Bauman, R., & Sherzer, J. (Eds.). (1989). Explorations in the Ethnography of Speaking (2nd ed., Studies in the Social and Cultural Foundations of Language). Cambridge: Cambridge University Press. doi:10.1017/CBO9780511611810

Gnanadesikan, A. E. (2011).“The First IT Revolution.” In The writing revolution: Cuneiform to the internet. (Vol. 25). John Wiley & Sons (pp. 1-10).

Haas, C. (2013). “The Technology Question.” In Writing technology: Studies on the materiality of literacy. Routledge. (pp. 3-23).
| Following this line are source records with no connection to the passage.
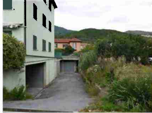
rampa di accesso ai box interrati mappali 673 e 694 e strette strisce di terreno adiacente mappali 674 - 695
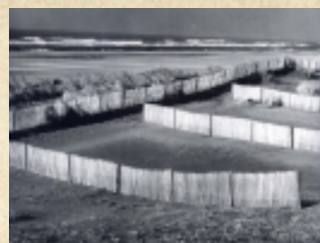
かつては広大な砂浜が広がっていました。
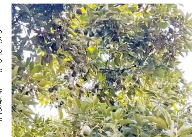
နှစ်ရှည်သီးနှံပင်ဖြစ်ခြင်းကြောင့် စိုက်ပျိုးသည့်တောင်သူများအတွက် အကျိုးဖြစ်ထွန်းသော သီးနှံတစ်ခုဖြစ်ပြီး မန္တလေးတိုင်းဒေသကြီးအတွင်း၌ မိုးကုတ်၊ ပြင်ဦးလွင်တို့တွင် အများဆုံးစိုက်ပျိုးကာ တစ်နိုင်လုံးအတိုင်းအတာအနေဖြင့် ထောပတ်စိုက်ပျိုးမှုဧကမှာ ၆၀၀ ခန့်သာရှိသေးကြောင်း သိရသည်။

ထောပတ်ပင်အား ပင်လယ်ရေမျက်နှာပြင်အထက် ပေ ၃၀၀၀ နှင့် ပေ ၄၀၀၀ ရှိသည့်မည်သည့်ဒေသတွင်မဆို စိုက်ပျိုးနိုင်ပြီး မျိုးစေ့အနေဖြင့် ပြည်တွင်းမျိုးနှင့် ပြည်ပမျိုး ခွဲခြားကာ စိုက်ပျိုးနိုင်ကြောင်းနှင့် ပြည်တွင်းမျိုးမှာ တစ်ဧကလျှင် အပင် ၁၀၀ စိုက်ပျိုးပါက ငွေကျပ်ရှစ်သိန်းခန့် ကုန်ကျမည်ဖြစ်ပြီး ပြည်ပမျိုးစိုက်ပျိုးလျှင် ၁၅ သိန်းခန့်ကျင်ခန့် ကုန်ကျနိုင်ကြောင်းသိရသည်။ ထို့ပြင် ထောပတ်သီးအပင်၏ သက်တမ်းမှာ နှစ် ၅၀ ခန့်အထိရှိသော
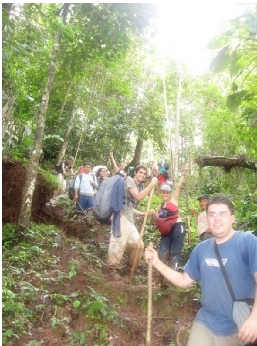
Figura 1. Expedición pedagógica. Talamanca 2007.

URL: http://www.una.ac.cr/educare CORREO: educare@una.cr
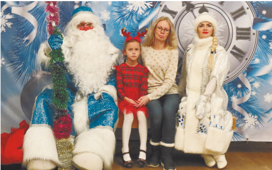
На новогодней елке гостей встречали Дед Мороз и Снегурочка. Они фотографировались с детьми и их родителями. После праздника на память гостям вручили снимки. Впрочем, сфотографироваться можно было не только с Дедом Морозом и Снегурочкой, но и с другими сказочными героями.

Детишки постарше на другом представлении смогли совершить кругосветное путешествие. Оказалось, что роботы с планеты, где нет Нового года, разбили волшебные часы и разбросали осколки по всему миру. Чтобы найти их, ребята «слетали» в Китай, Индию, Италию и Японию. Интересно, что для детей подготовили не просто спектакли. Номера показывали настоящие цирковые артисты — фокусники, жонглеры, акробаты и заклинатели мыльных пузырей. Акробат на одноколесном велосипеде катал на спине детей и... их мам. Вот они, занимая место в зале, точно не ожидали подвоха. Но не тут-то было. Ассистент выбирал добровольца, провожал его на сцену. Акробат просил закрыть глаза, расставить ноги пошире и, присев, усаживал везунчика к себе на шею. И скажем, мамы радостно визжали куда громче своих смелых детей! В конце представления депутаты муниципального образования вручали каждому гостю подарок — коробку с шоколадными конфетами. Но коробку не простую, а в форме сказочного замка. Технология дополненной
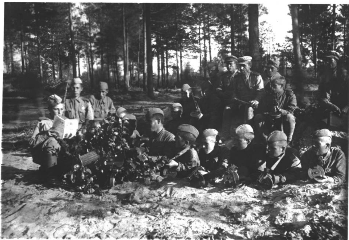
БОЙЦЫ БРЯНСКОГО ФРОНТА ЧИТАЮТ КНИГУ «КАК ЗАКАЛЯЛАСЬ СТАЛЬ» Сентябрь 1943 г.

Из письма бойцов Н-ской части Р. П. Островской. 1942 г.
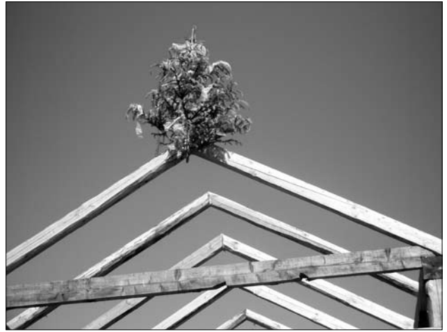
Іл. 7. Будівельне деревце; с. Хмелівка Богородчанського р-ну Івано-Франківської обл.

Відповідно до звичаю, смерічку у лісі рубав господар або майстер, прикрашала господиня, а встановлював її на крокви завжди «старший майстер»: «Газда косицю рубав, газдиня вбирала, майстер чіпав» (с. Міжгір'я Бог.); «Косицю рубав господар, вбирала господиня... Косицю господар виносив — так, як вона має стояти, як росла в лісі — чубком вверх... передавав [майстрові]... прибывав майстер» (с. Глибока Бог.); «Косицю різав газда» (с. Петранка Рож.); «Робит косицю газдині, вішають майстри» (с. Хмелівка Бог.); «Косицю робила газдині, а майстер мав садити її на гору» (с. Хмелівка); «Смерічку рубав господар, жінки в хаті її вбирали, господар брав і давав майстрові, а той чіпав» (с. Вишків Дол.); [Косицю] рубав або газда, або майстер; вбирав газда, чіпав старший майстер» (с. Глибока Бог.); «Рубав смерічку майстер, вбирали газди, а майстер прибывав її» (с. Сенечів Дол.); «Її рубав старший майстер, вибирав квітками господар, а зачіпав на кізлі знов старший майстер» (с. Липовиця Рож.); «Ялинку... прибывав майстер... Ліз по драбині до першого кізла і прибывав» (с. Ілемня Рож.). У с. Красне (Рож.) фіксуємо локальний звичай, відповідно до якого, «рубав косицю сусідський дітвак — була така мода», знову ж «прикрашували її господарі, а прибывав майстер». У с. Тухля (Скол.) «зачіпав косицю хтось з робітників, якому казав майстер... той, що найліпше робив (найкраще працював на будові. — Р. Р.)». Відпо-

3 thoughts on “Task 3: Voice to Text ”

Mel says:

February 5, 2021 at 7:35 am

Olga, I like how you integrated tables to show what you said and how voice-to-text materialized it into text. Some of the errors are strange, indeed. I have to wonder why some of the common words like “critique” became phoneticized.
I also noticed how all my filler words seemed to magically disappear in the materialization! I, too, know that I spoke differently to the computer than I would normally, because I have enunciation issues, and I didn’t want my story to be completely garbled.
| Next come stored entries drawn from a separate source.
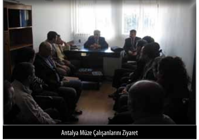
Antalya Müze Çalışanlarını Ziyaret
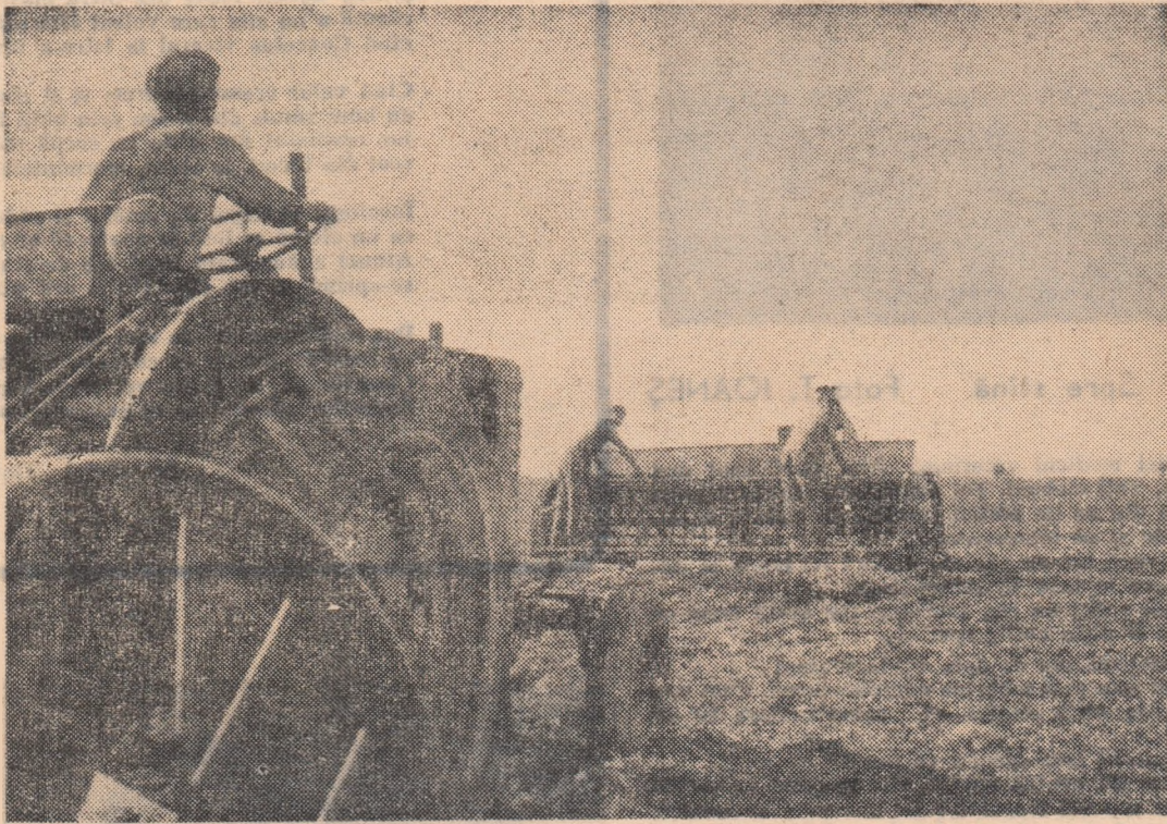
Colectiviștii de la G.A.C. „Progresul” din Făcăeni, raionul Fețești, au început însămînțările de toamnă. Iată un aspect de la însămînțarea secarei.
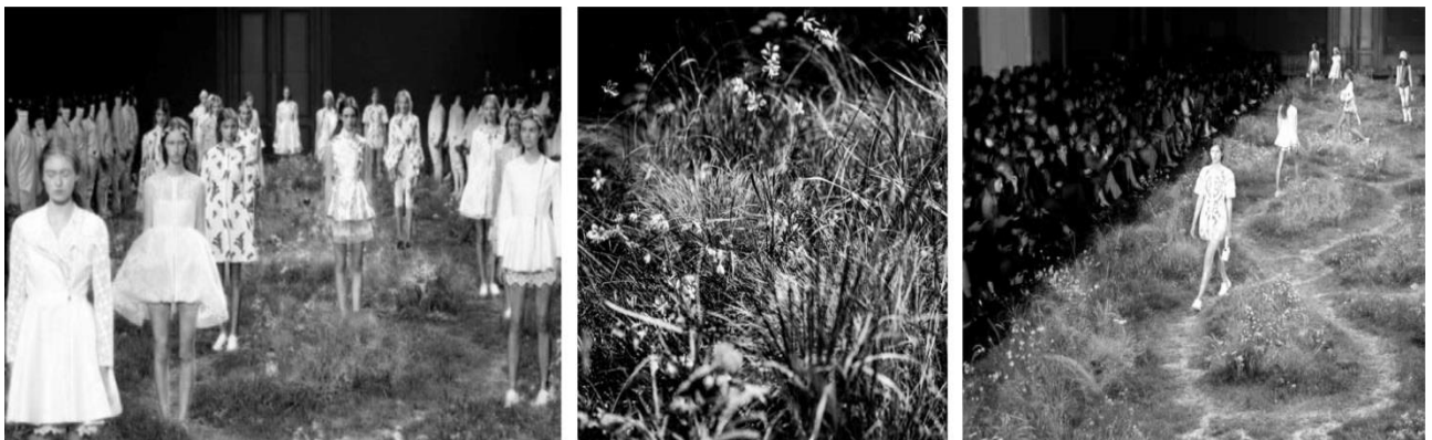
Рисунок 2. Показ Moncler Gamme Rouge весна-літо 2016, Париж.

Показ мод Moncler Gamme Rouge в Парижі (рис. 2) пройшов на подіумі вкритому травою, злаками та польовими рослинами, колекція одягу демонструвала легкі весняно–літні фасони суконь, що були підкреслені вишуканим вирішенням площини подіумного покриття. В показі з колекції Dior Олександр де Бетак створює імпровізацію природного утворення — гори вкритої квітами. В першому випадку застосовано прийом використання ґрунту та рослинності, в другому, імітація природних утворень. Також, автор виділяє такі прийоми використання озеленення в вирішенні подіумного простору: покриття горизонтальної поверхні мохом (Dries van Noten, Париж, 2015 рік); озеленення групами чагарників (Dior, Париж); оздобленні вертикальних площин квітами (Dior, Париж); використання вертикального озеленення; ампельні рослини на стелі (Олександр де Бетак, Dior, Париж).
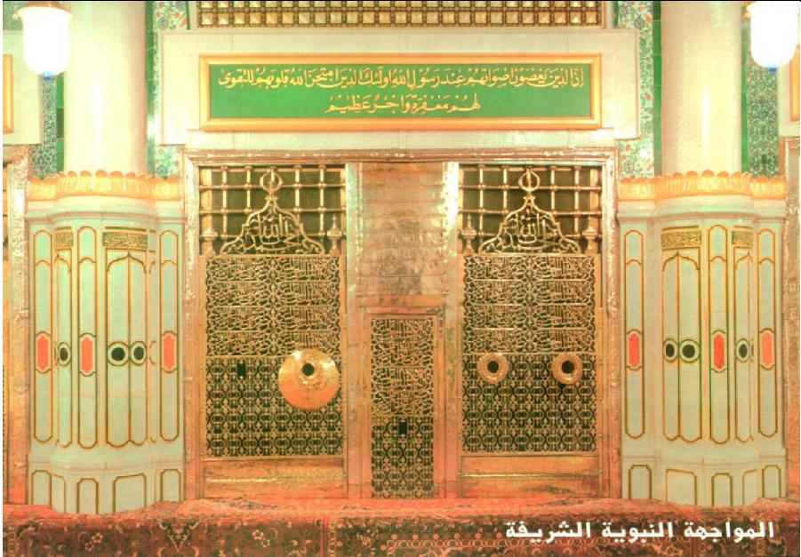
المواجهة النبوية الشريفة

إيام تحت الشّماع والمحاق = ليلة ٢٨ إلى غروب ٢٩ شوال (٤ إلى ٥ سبتمبر)
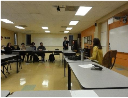
ASMSA の授業 (日本語：文 学)
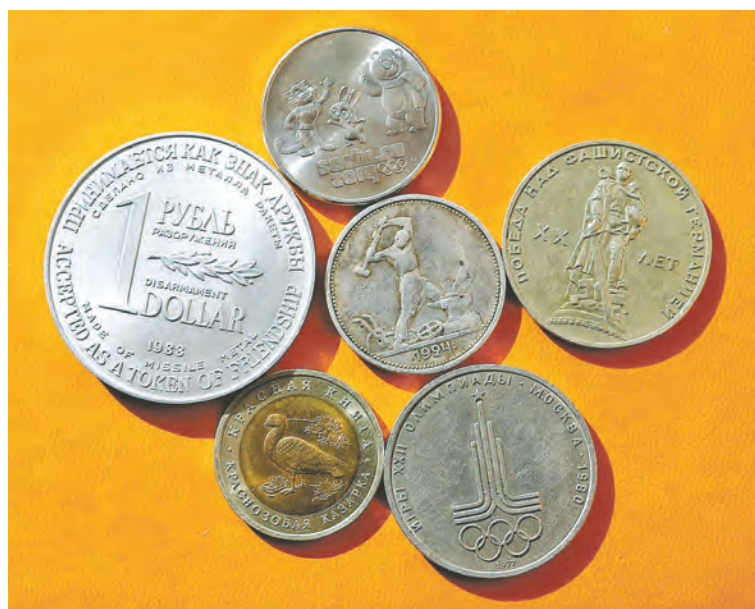
■ Монеты надолго сохраняют историю страны.
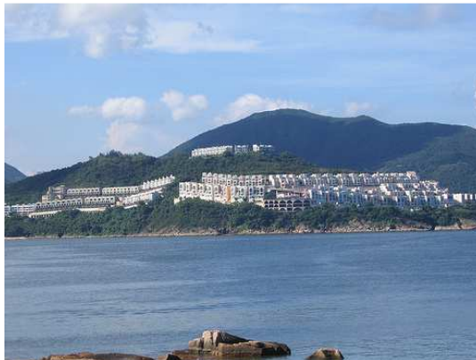
Prisão Stanley, Hong kong.

como a Perseverance Lodge No. 1165 EC funcionaram em campos de prisioneiros (Prisão Stanley/ Stanley prison). Ainda hoje existe o Livro da Perseverance Lodge No. 1165 com atas do período.

I used Google Docs’ Voice typing feature for this task and practiced a bit with it by taking notes on the week’s readings – I was stunned at how the names were spelled spot-on – Eric Havelock and Walter Ong – as a result of being matched against Google’s data. As I spoke, Voice typing worked to decipher what I said, but when I stopped speaking, another round of processing happened and magically, the names were correct! I bet it would get Suzanne de Castell’s name correct. Are you in ETEC565D? It was one of my favourite courses in the program!

- OlgaKanapelka says:
  
  February 5, 2021 at 4:04 pm
  
  Hi Mel,
  I’m going to give Google Docs Voice typing a try, thanks for the tip!
  And, no, I sadly did not get in the ETEC565D this term :(. My only chance to it before I graduate is if it is offered as a summer institute. Fingers crossed it is! I heard so much about it!
  
CARLOTRENTADUE says:

March 21, 2021 at 11:11 am

Olga,
There were definitely many similarities between us when it comes to the understanding of orality vs. the written, reading from a script, and the flexibility orality afford an audience. Although I can speak another language, English is my primary language – I found the influence of the accent an interesting factor in this particular assignment. You touch on your accent a few times in this task. I wonder: To what degree did you think your accent, if at all, played a role in the formation of meaning-making here?